While this dreamy, mostly ambient and ponderous electronic/organic sound is nice at first, and there is even some variation in the sound in the first half of the album, by the time you get to the end, you almost want to scream. It gets to sound too much like the same, in fact, it gets less interesting and more meandering as it continues, and the surprises at the beginning of the album become expected by the end. The overall sound of the tracks tend to flatten out to level hazy and monotonous music by the end. I can at least recommend the album as a 3 star album, but it is near impossible to get through it all in one sitting, and even coming back later to hear the 2nd half doesn't really help.
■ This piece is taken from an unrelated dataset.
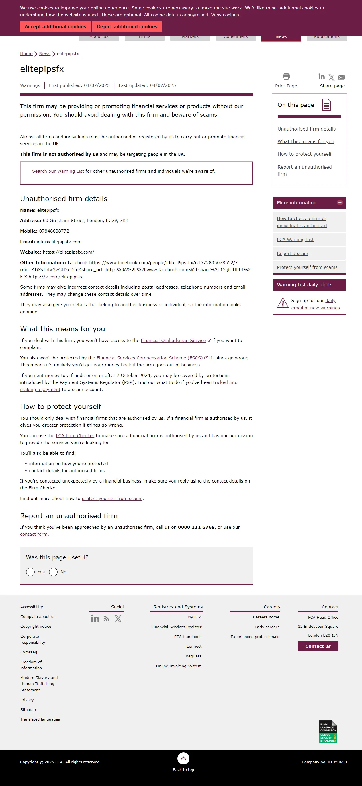 ['This firm may be providing or promoting financial services or products without our permission. You should avoid dealing with this firm and beware of scams. Almost all firms and individuals must be authorised or registered by us to carry out or promote financial services in the UK. This firm is not authorised by us and may be targeting people in the UK. Search our Warning List for other unauthorised firms and individuals we're aware of. Unauthorised firm details Name: elitepipsfx Address: 60 Gresham Street, London, EC2V, 7BB Mobile: 07846608772 Email: info@elitepipsfx.com Website: https://elitepipsfx.com/ Other Information: Facebook https://www.facebook.com/people/Elite-Pips-Fx/61572895078552/?rdid=4DXvUdw3w3H2eDTu&share_url=https%3A%2F%2Fwww.facebook.com%2Fshare%2F15gfc1fEt4%2F X https://x.com/elitepipsfx Some firms may give incorrect contact details including postal addresses, telephone numbers and email addresses. They may change these contact details over time. They may also give you details that belong to another business or individual, so the information looks genuine. "]
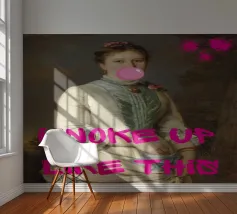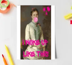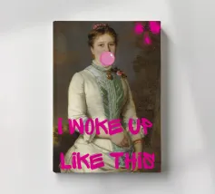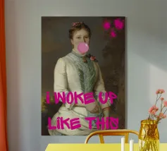 Mit "I Woke Up Like This", einem witzigen Pop-Art-Druck, der auf humorvolle Weise klassische Porträts mit einer beliebten modernen Redewendung verbindet, können Sie sich mühelos in Szene setzen. Dieses fesselnde Kunstwerk zeigt eine königliche historische Figur, die mit zarten Blumen geschmückt ist und spielerisch eine glänzende rosa Bubblegum-Blase pustet. Der fettgedruckte, pinkfarbene Text "I WOKE UP LIKE THIS" überlagert das Bild und ist eine sympathische und witzige Aussage über natürliche Schönheit (oder einen lässigen Morgen!). Rosa Farbspritzer sorgen für einen Hauch von kantigem Flair. Es ist eine perfekte Mischung aus zeitlosem Charme und modernem Humor, ideal, um Persönlichkeit und eine unbeschwerte Atmosphäre zu schaffen.

I think the most interesting tracks are at the beginning, but by the time you get to the end, it's hard to think of anything that stands out. Think of this album as almost Shoegaze because of its use of hazy sound where nothing really stands out, with a mix of ambience because the level of the sound never really gets past mid-volume throughout. Yes these are more like soundscapes, like I mentioned before, but they are hazy and unclear. The band gets an A for being original and different, but they don't do so well at keeping someone's interest, especially for a 2 hour album.